Parallel Tool Call Learning

Problem

Agents often execute tool calls sequentially even when they could run in parallel:

Unnecessary latency: Sequential calls add up when tool execution time dominates inference time
Inefficient exploration: Agent waits for one result before deciding the next action
Poor tool utilization: Multiple independent information needs handled one-by-one
Suboptimal learned behavior: Base models may not naturally parallelize without training signal

Example bottleneck:

Sequential (slow):
1. search("Intel financial data") → 2s
2. read_file("2023_report.pdf") → 1.5s
3. search("return metrics") → 2s
4. read_file("returns_table.csv") → 1.5s

Total: 7 seconds

Cognition observed this with Devon: the baseline model would make 8-10 sequential tool calls during file planning, taking significant time even though many calls could have run in parallel.

Solution

Use Agent RFT to teach the model to parallelize independent tool calls, dramatically reducing latency when tool execution is faster than inference.

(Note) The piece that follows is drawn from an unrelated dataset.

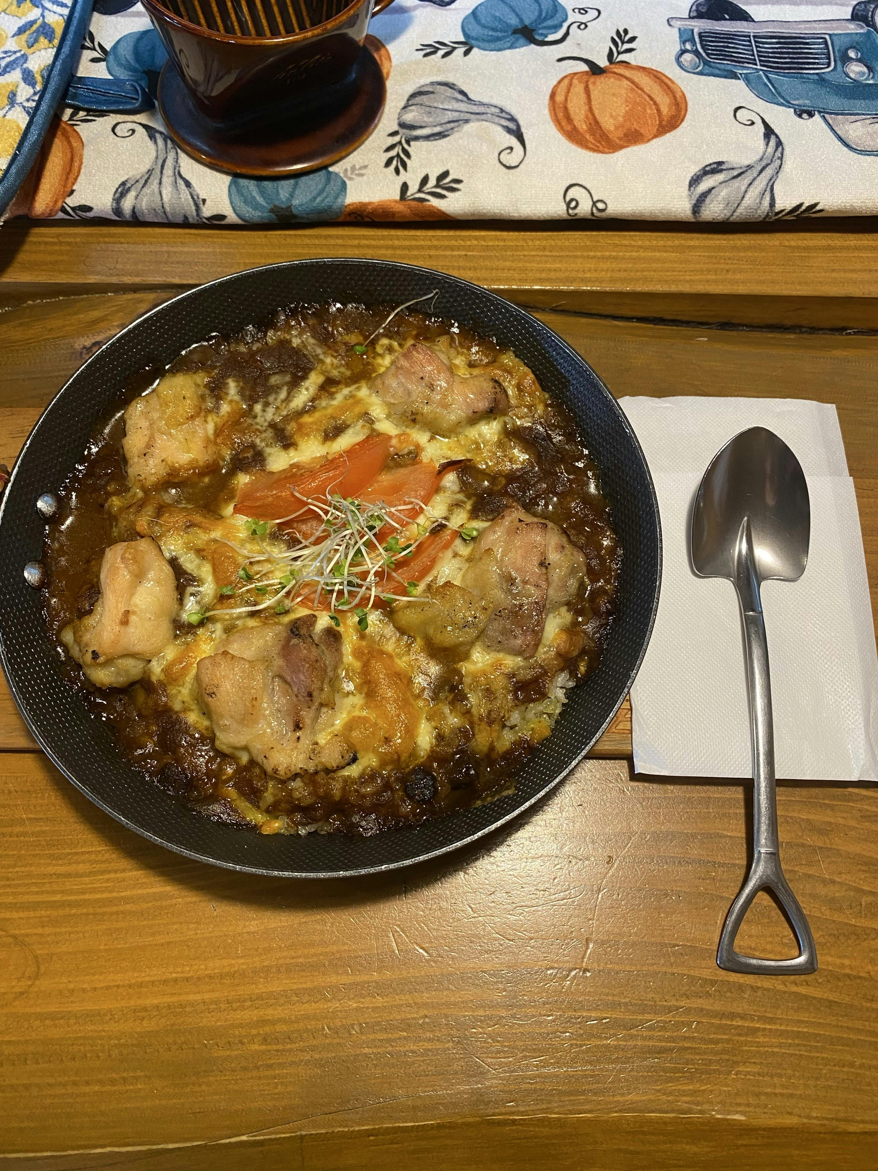 今日は「焼きカレー」をいただきました。お昼に来るのは初めてです。他にも、「シフォンケーキ」などのデザートもあり、お食事もどれもとてもおいしいです。こんな高原のお店でわんちゃんと暖かい日差しを浴びながらおいしいスイーツをいただく。最高です。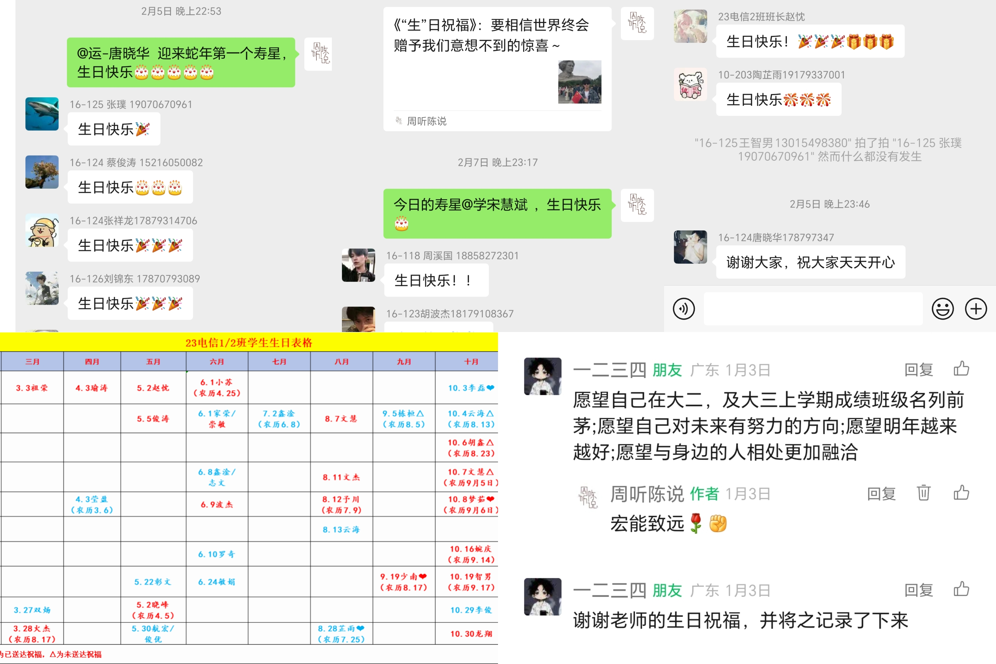 陈浩老师自2023年9月担任23级电子信息专业辅导员以来,便着手建立“一人一档”成长档案,通过班级调研、谈心谈话、家校联动等方式,累计收集学生兴趣爱好、成长经历等个性化信息300余条。在此基础上,他创新打造“生日祝福+成长档案+家校共育”三维育人模式,将每位学生的生日转化为思政教育的“关键节点”。

How Models Learn Parallelization:

During RL exploration, the agent discovers that:

Multiple tool calls can be made simultaneously
When tool results arrive together, the next reasoning step has more context
Parallel patterns receive similar rewards in less time (implicit efficiency reward)
The model naturally converges toward parallel execution patterns

Tool Classification for Safe Parallelization:

Agents learn to distinguish between:

Read-only tools: Safe to parallelize (search, read_file, list)
State-modifying tools: Require serialization (write_file, delete, state-changing APIs)

This classification prevents race conditions while maximizing parallelism for safe operations.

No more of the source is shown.